To further evaluate the detection performance of our method, we adjusted the classification threshold of the detection model and plotted the precision–recall curve as shown in Figure 8, Figure 9 and Figure 10. We believe that in practical application scenarios, it is challenging to calculate the false alarm rate because we have difficulty determining the exact number of “negative samples”. We can only know how many targets the detection algorithm currently detects and then confirm how many are true targets and how many are false targets. Therefore, we believe that compared to other methods, the precision–recall curve is a more suitable evaluation metric for assessing the performance of radar target-detection algorithms.

According to the curves in Figure 8, Figure 9 and Figure 10, our method demonstrates significant advantages. It achieves the best performance in all three subsets. In subset D2, when the recall reaches 90%, our method achieves a precision rate of 89.05%, compared to only 63.76% for DBL, which is 25.29% lower than our method. The precision rates of the two CFAR algorithms are only around 20%. Additionally, in subsets D1 and D3, our method also achieves satisfactory detection performance with precision rates of 83.14% and 99.13%, respectively, when a recall rate of 90% is required. These results indicate that our method excels in both recall and precision, outperforming other methods. It provides a reliable solution for target-detection tasks. At the same time, we plotted the ROC curves of detection accuracy for different algorithms under various false alarm rates, as shown in Figure 11. It is evident from the figure that while the DBL algorithm performs well, there is still a notable gap compared to our proposed method. The proposed algorithm consistently outperforms the comparison algorithms even under different false alarm rates.
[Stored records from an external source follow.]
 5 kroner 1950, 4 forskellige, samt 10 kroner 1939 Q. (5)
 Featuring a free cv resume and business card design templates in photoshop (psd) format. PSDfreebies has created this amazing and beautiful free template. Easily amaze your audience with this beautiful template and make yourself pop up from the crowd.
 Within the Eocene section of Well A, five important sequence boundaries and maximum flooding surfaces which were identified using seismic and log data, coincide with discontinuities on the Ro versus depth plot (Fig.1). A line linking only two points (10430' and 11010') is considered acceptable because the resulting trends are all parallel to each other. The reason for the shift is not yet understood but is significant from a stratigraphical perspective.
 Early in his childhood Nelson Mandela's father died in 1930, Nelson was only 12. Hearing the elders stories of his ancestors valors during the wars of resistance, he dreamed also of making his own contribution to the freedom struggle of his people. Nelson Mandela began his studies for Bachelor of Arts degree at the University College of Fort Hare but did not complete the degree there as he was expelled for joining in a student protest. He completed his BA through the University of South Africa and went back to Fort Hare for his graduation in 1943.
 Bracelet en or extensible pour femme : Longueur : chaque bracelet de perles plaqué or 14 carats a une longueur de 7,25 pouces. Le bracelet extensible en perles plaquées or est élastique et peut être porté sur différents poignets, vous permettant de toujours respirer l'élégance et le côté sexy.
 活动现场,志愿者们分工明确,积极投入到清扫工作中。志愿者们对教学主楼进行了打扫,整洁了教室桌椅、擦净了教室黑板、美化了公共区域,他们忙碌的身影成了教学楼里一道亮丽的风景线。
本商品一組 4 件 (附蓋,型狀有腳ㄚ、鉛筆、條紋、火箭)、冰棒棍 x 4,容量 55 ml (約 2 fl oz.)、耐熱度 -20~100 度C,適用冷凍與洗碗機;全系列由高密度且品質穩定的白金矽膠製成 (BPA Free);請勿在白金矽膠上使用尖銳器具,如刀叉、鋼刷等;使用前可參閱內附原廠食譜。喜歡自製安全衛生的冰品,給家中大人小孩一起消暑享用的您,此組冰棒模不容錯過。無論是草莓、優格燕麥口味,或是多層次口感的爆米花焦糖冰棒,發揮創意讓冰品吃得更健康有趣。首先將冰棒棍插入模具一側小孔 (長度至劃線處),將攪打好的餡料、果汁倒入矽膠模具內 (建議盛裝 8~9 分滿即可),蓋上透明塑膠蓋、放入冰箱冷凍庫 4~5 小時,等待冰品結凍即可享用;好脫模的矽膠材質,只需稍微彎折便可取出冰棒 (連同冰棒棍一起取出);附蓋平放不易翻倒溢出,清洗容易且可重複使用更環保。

The loss curves of the training and validation procedure are presented in Figure 12. The result indicates that our model gradually converges on the training data and effectively learns appropriate feature representations and patterns from the training data. Besides, we employed the t-SNE algorithm [34] to visualize the output features generated by these methods. The results are presented in Figure 13.

5. Conclusions

This study introduces an innovative two-stage detection framework that integrates an echo embedding module and a high-level reconstruction mechanism, achieving comprehensive improvements in precision, detection probability, and false alarm rate under complex sea clutter conditions, particularly maintaining stable detection performance (0.28% false alarm rate and 99.08% detection probability) in low SNR environments. Future research will focus on constructing a multi-modal maritime target database using X-band pulse-compression radar, advancing key technologies including physics-constrained deep-learning architectures, optimized lightweight real-time processing models, and integrated multi-radar collaborative detection systems.

Author Contributions

Conceptualization, J.W.; methodology, J.W. and T.X.; software, T.X.; validation, J.W. and P.L.; investigation, J.W. and P.L.; resources, P.L.; data curation, T.X.; writing—original draft, J.W. and T.X. All authors have read and agreed to the published version of the manuscript.

Funding

This work was supported in part by Hainan Province Science and Technology Special Fund under Grant ZDYF2025SHFZ058, and in part by Youth Innovation Promotion Association, Chinese Academy of Sciences under Grant 2022022, and in part by South China Sea Nova project of Hainan Province under Grant NHXXRCXM202340, and in part by Haikou Key Science and Technology Project under Grant 2024020.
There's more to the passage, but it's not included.